Gloucester City Council suffered a serious cyber attack involving ransomware and stolen data.

Recovery reportedly cost over £1 million.

Some systems remained disrupted for months.

Attackers reportedly spent weeks moving through the network before encryption occurred.

References:

British Library ransomware incident

British Library suffered a ransomware attack causing long-term operational disruption.

Reported recovery costs reached approximately £6-7 million.

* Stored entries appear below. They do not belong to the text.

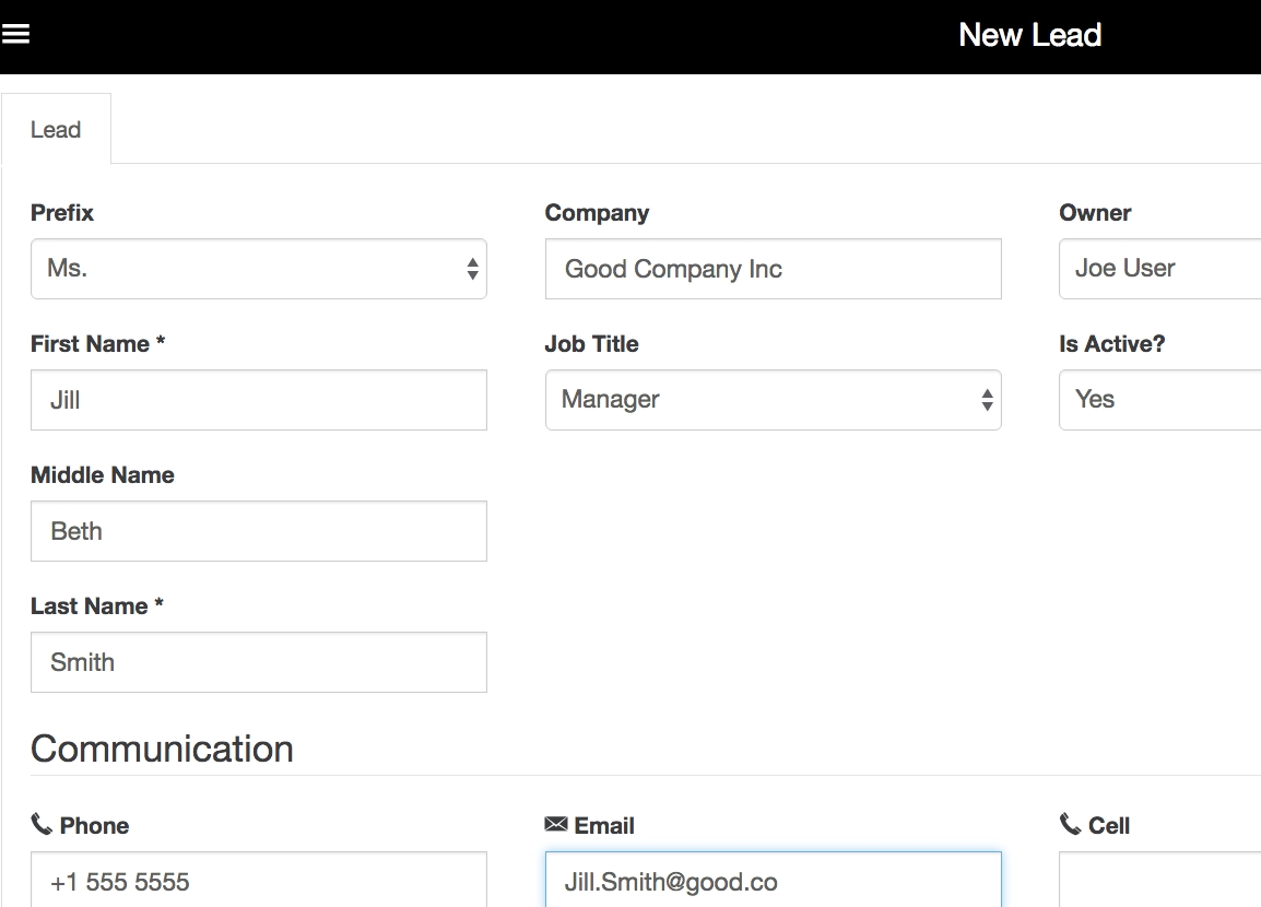Lead tab: View and edit the lead’s details, such as its name, owner, and address, and assign the lead to another owner (CRM user responsible for communicating with that lead).
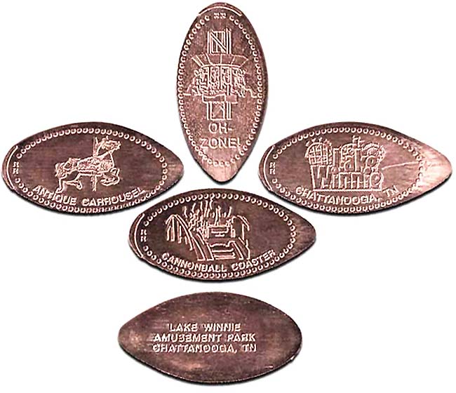 Designs all have 'Lake Winnie Amusement Park Chattanooga, TN' on back.
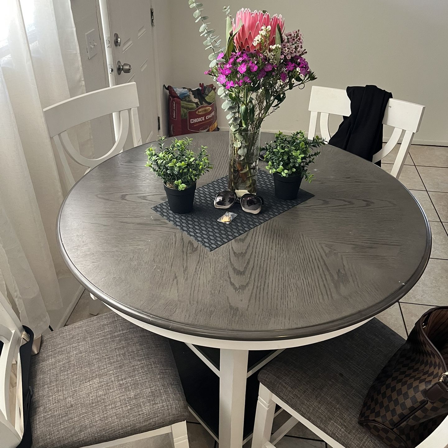 Pub height, table and chairs. Approximately one year-old. Has a few minor marks at the top that you can barely see, but they are included in the pictures and comes with four chairs. Best offer. Must pick up no delivery.
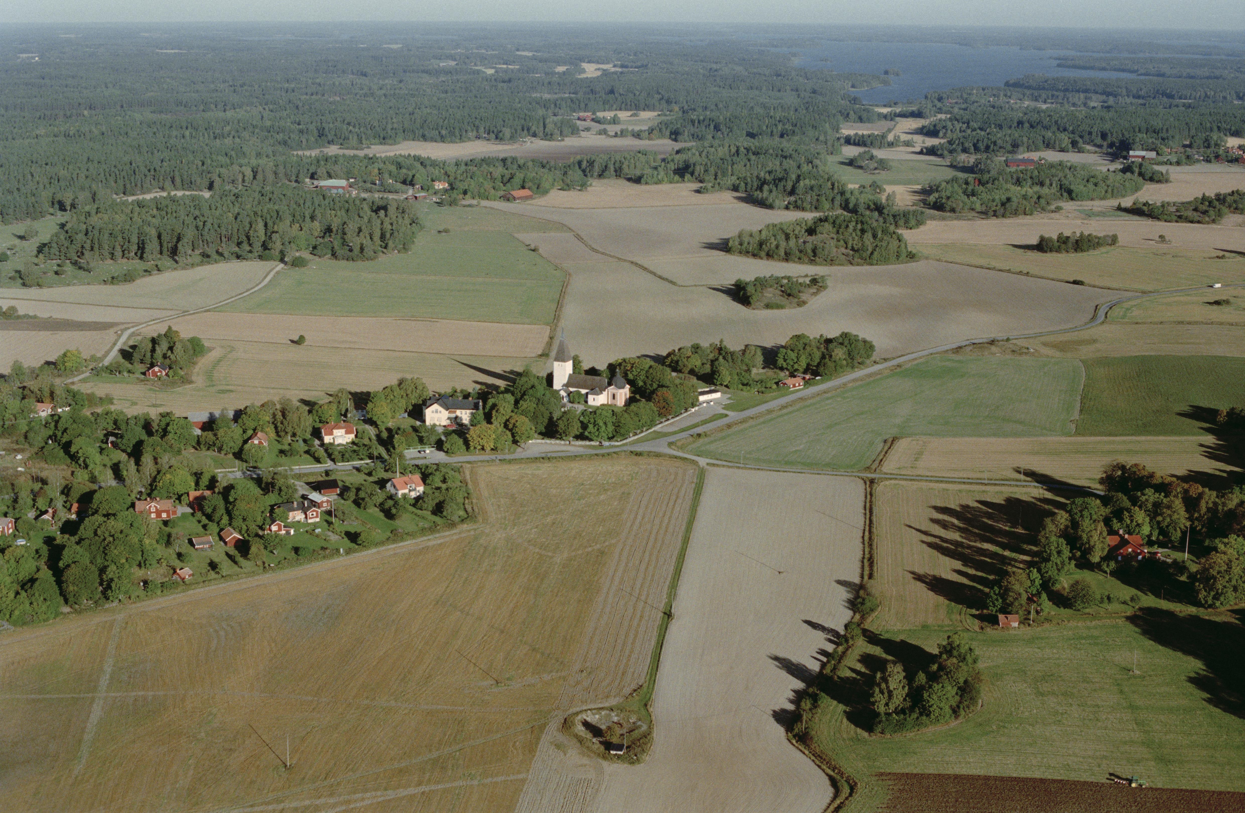 Beskrivning: Ytterselö kyrka och kyrkby. Bilden är tagen mot (väderstreck): NNV

Services were disrupted for months.

References:

How Much Does Recovery Cost?

The hidden costs SMEs underestimate

Most SME owners think cyber costs mean:

  • replacing computers
  • paying IT support
  • restoring backups

In reality the bigger costs are usually:

  • downtime
  • lost sales
  • payroll disruption
  • customer communication
  • staff overtime
  • insurance excesses
  • legal advice
  • reputational damage
  • delayed projects
  • lost trust

The UK Government survey showed many smaller incidents cost little directly, but serious incidents could rapidly escalate into thousands or millions of pounds depending on:

  • ransomware spread
  • business interruption
  • regulatory issues
  • data exposure
  • supplier impact
Recovery time varies massively

Simple phishing incident:

  • several hours to several days

Email compromise:

  • days to weeks

Ransomware:

  • weeks to months

Major enterprise attack:

  • months or longer

Some UK councils and organisations have spent nearly a year restoring systems fully after ransomware attacks.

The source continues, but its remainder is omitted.